Chapter 3: Derivatives - Section 3.4 - The Derivative as a Rate of Change - Exercises 3.4 - Page 135: 19

Answer

a. $\frac{4}{7}$ sec. $280cm/s$ b. $560cm/s$, $980cm/s^2$ c. $30$ flashes/sec.

Work Step by Step

a. Given $s(t)=490t^2$, we can find the velocity as $v(t)=s'(t)=980t$ ft/s and $a=980cm/s^2$. Letting $s(t)=160$, we have $490t^2=190$ which gives $t=\sqrt {16/49}=\frac{4}{7}$ sec.
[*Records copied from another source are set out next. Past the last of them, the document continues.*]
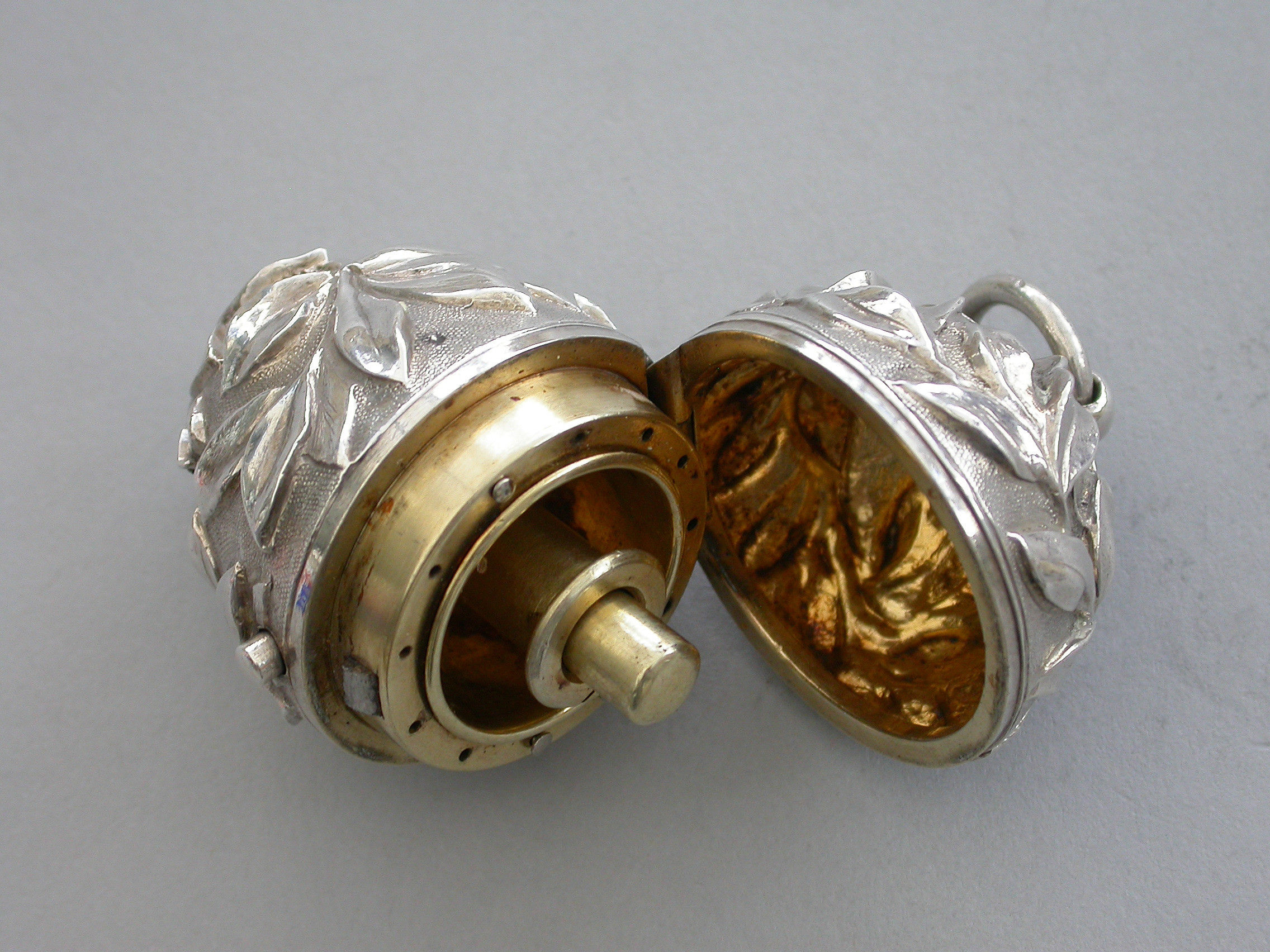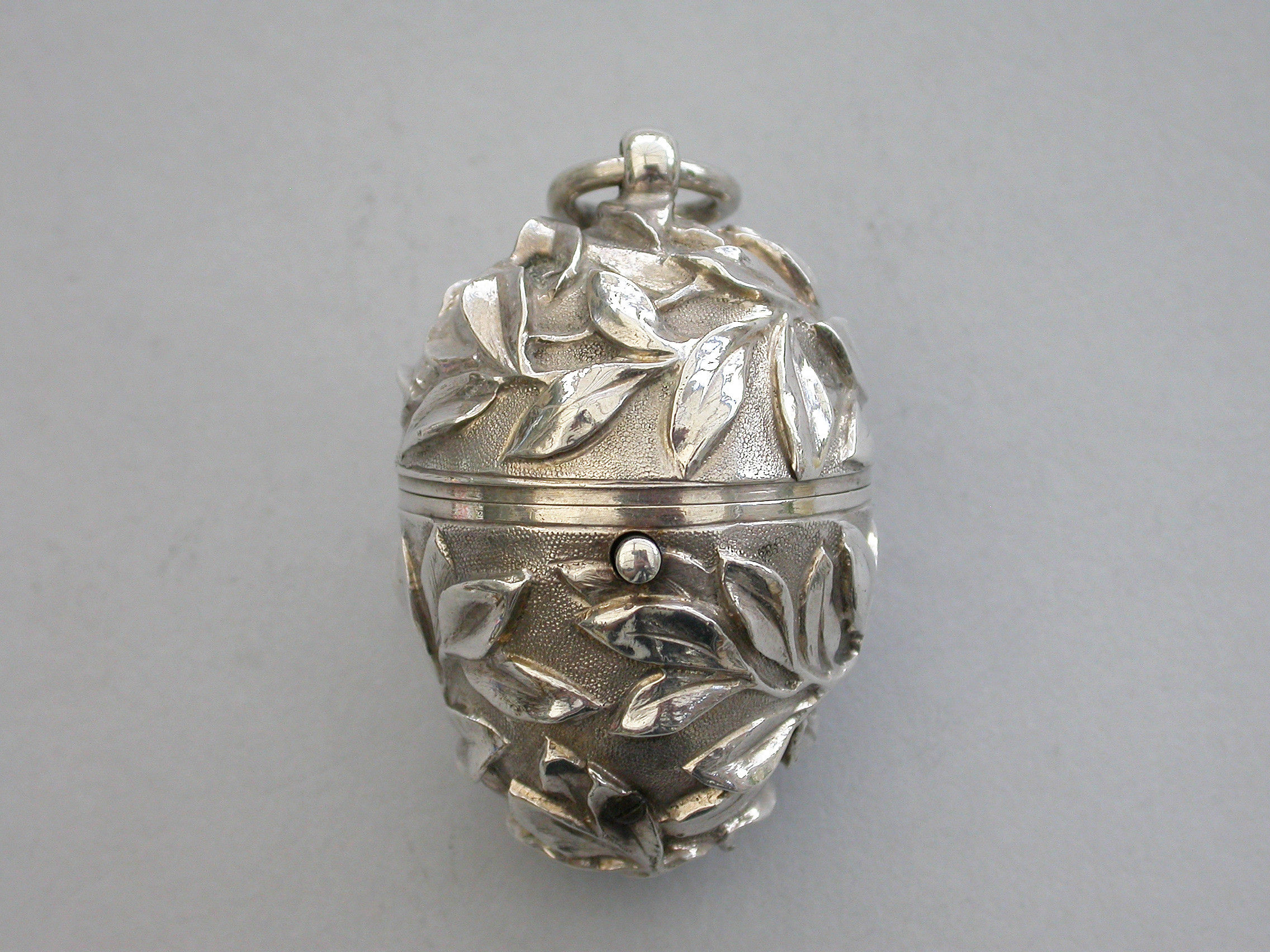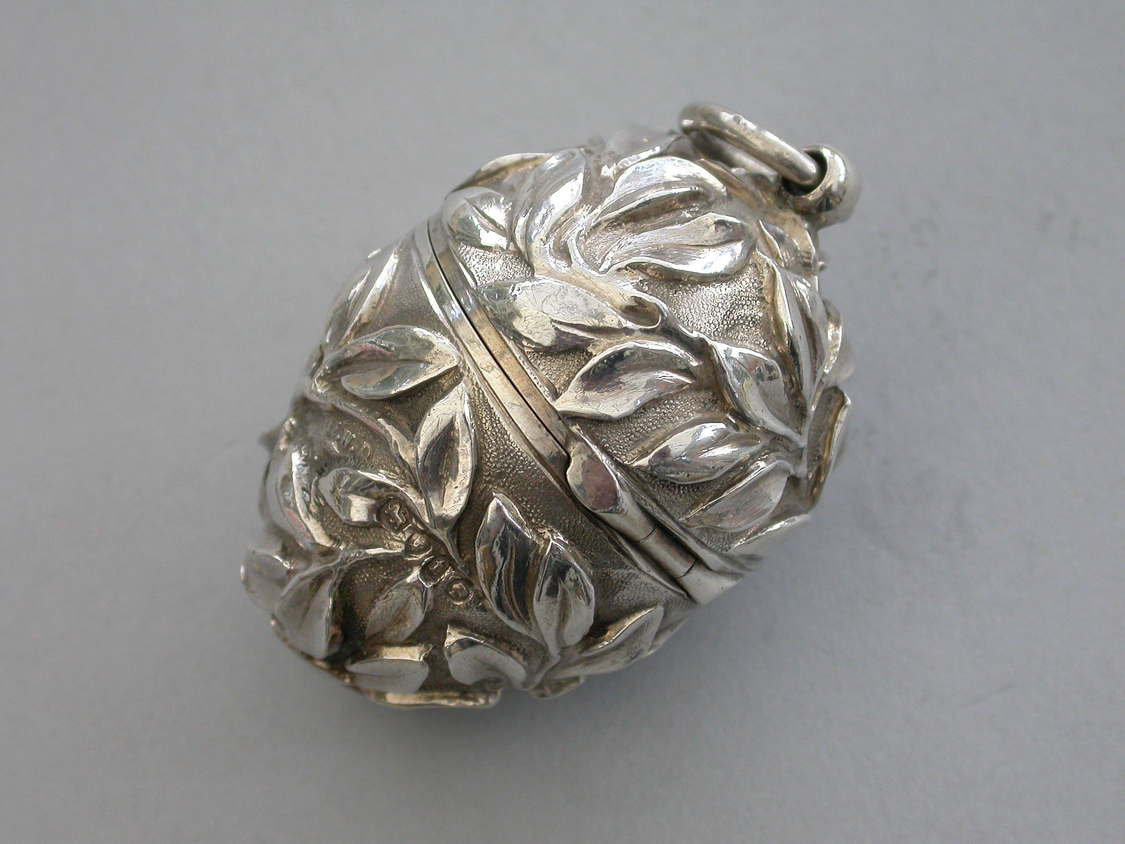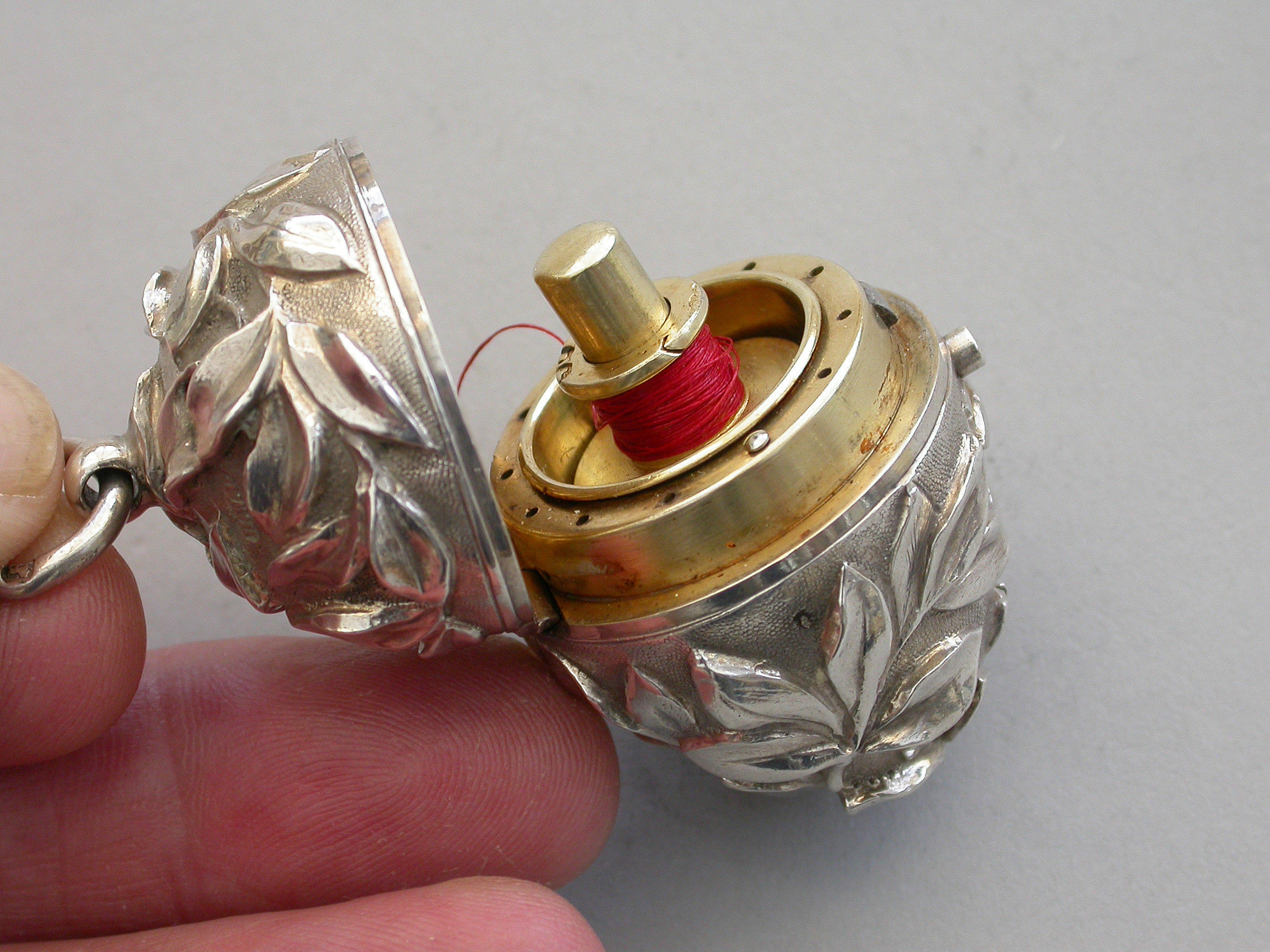 A very fine quality Victorian silver egg shaped Sewing Etui, the body profusely chased with branches of foliate decoration on a matt background, a push button opening mechanism to the hinged lid with attached suspension ring. Silver gilt interior complete with silk bobbins, a needle case with pull-off cover and pins stored around the rim.
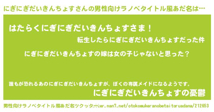 | 女子向けラノベタイトル風あだ名 | 『にぎにぎだいきんちょす様がみてる』 |
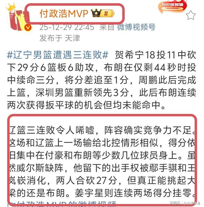 媒體人付政浩社媒發(fā)文點(diǎn)評比賽?!斑|籃三連敗令人唏噓,陣容確實(shí)競爭力不足。這場和遼籃上一場輸給北控情形相似,得分依舊集中在和布朗等少數(shù)幾位球員身上。雖然威爾斯缺陣,他留下的出手權(quán)被鄢手騏和王嵐嵚消化,兩人合砍27分,但真正能挑起大梁的還是布朗。姜宇星則連續(xù)2場(實(shí)為3場)得分掛零?!薄?/p>
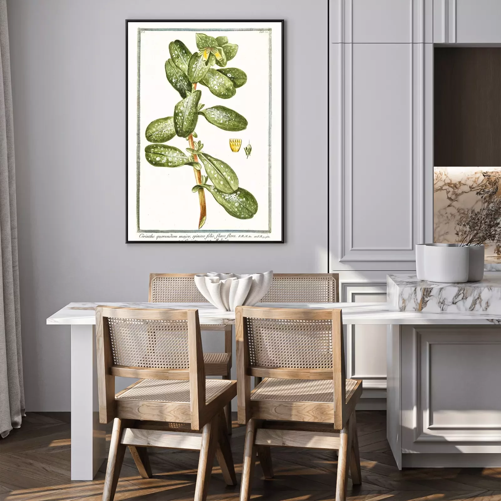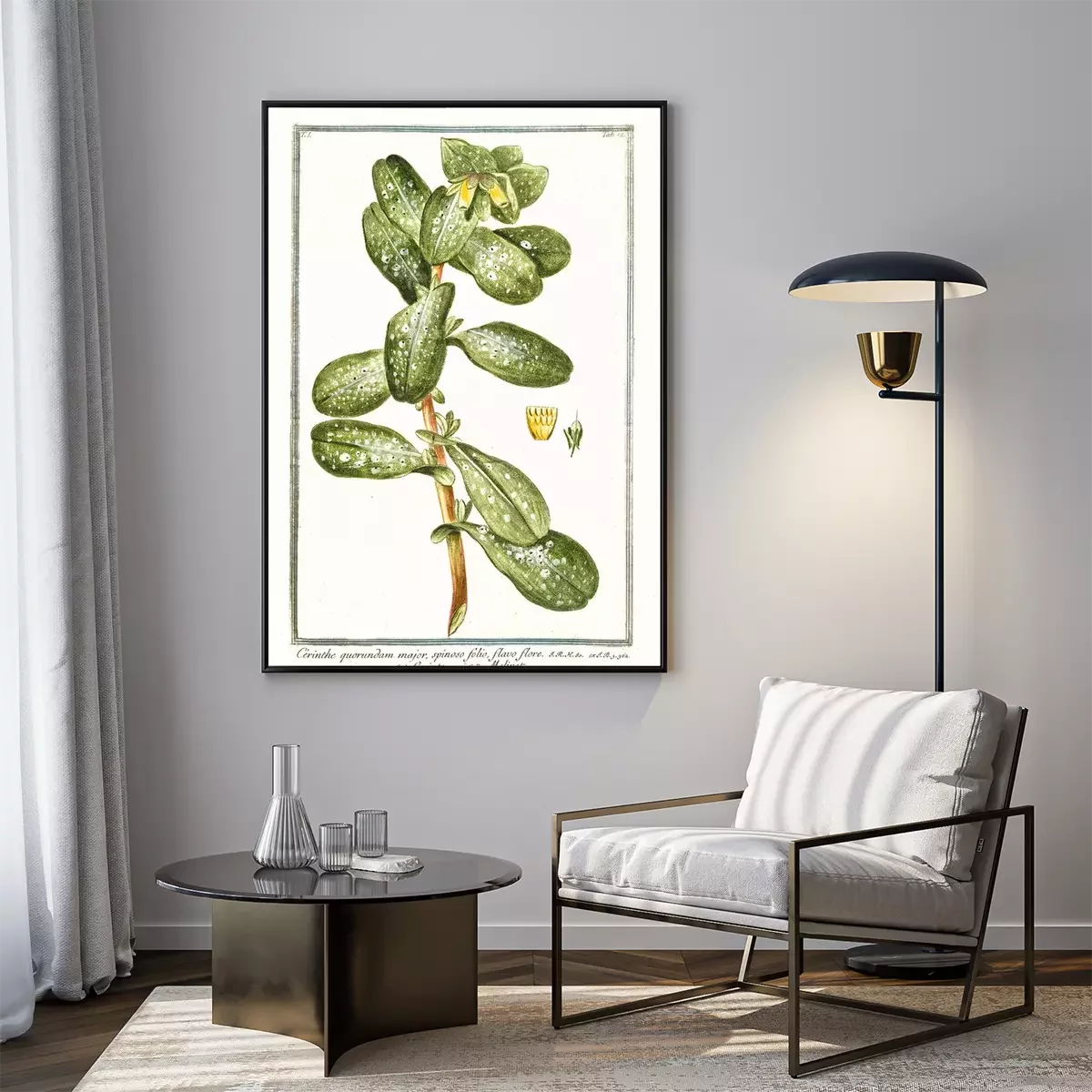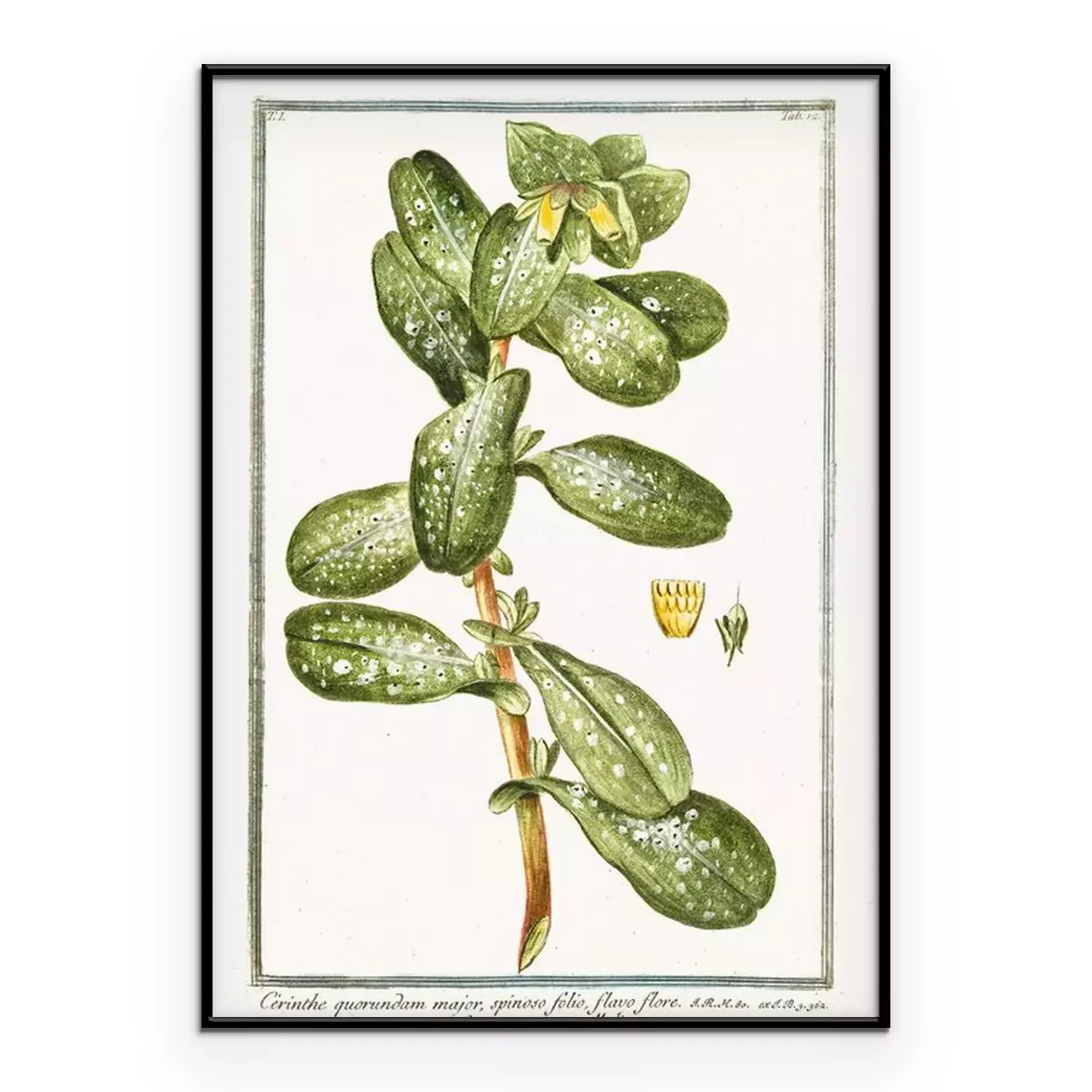 Gravure d'une plante exotique dans un cadre vert
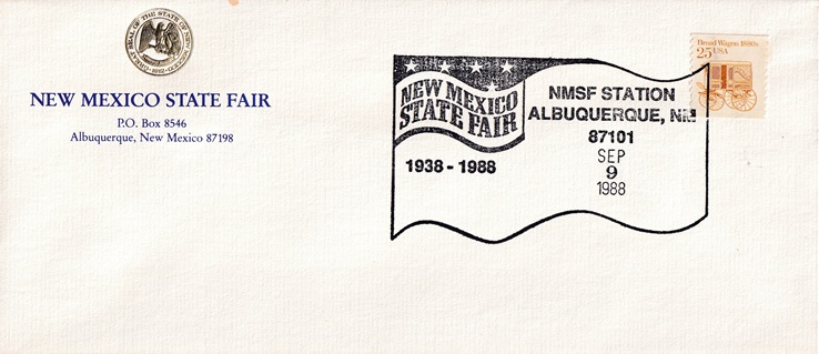 ![]() | Special hand pictorial & slogan cancellation: "NMSF STATION, ALBUQUERQUE, NM 87101 SEP 9 1988 | NEW MEXICO STATE FAIR 1938 - 1988 |". |

The average velocity can be found as $\bar v=\Delta s/\Delta t=\frac{160}{(\frac{4}{7})}=280cm/s$ b. At $t=\frac{4}{7}$ sec, we have $v=980(\frac{4}{7})=560cm/s$, and $a=980cm/s^2$ c. We can count 17 photos from the start to the time when the ball reached $160cm$; the time interval was $\frac{4}{7}$ sec, thus we have $n=17/(\frac{4}{7})\approx30$ flashes/sec.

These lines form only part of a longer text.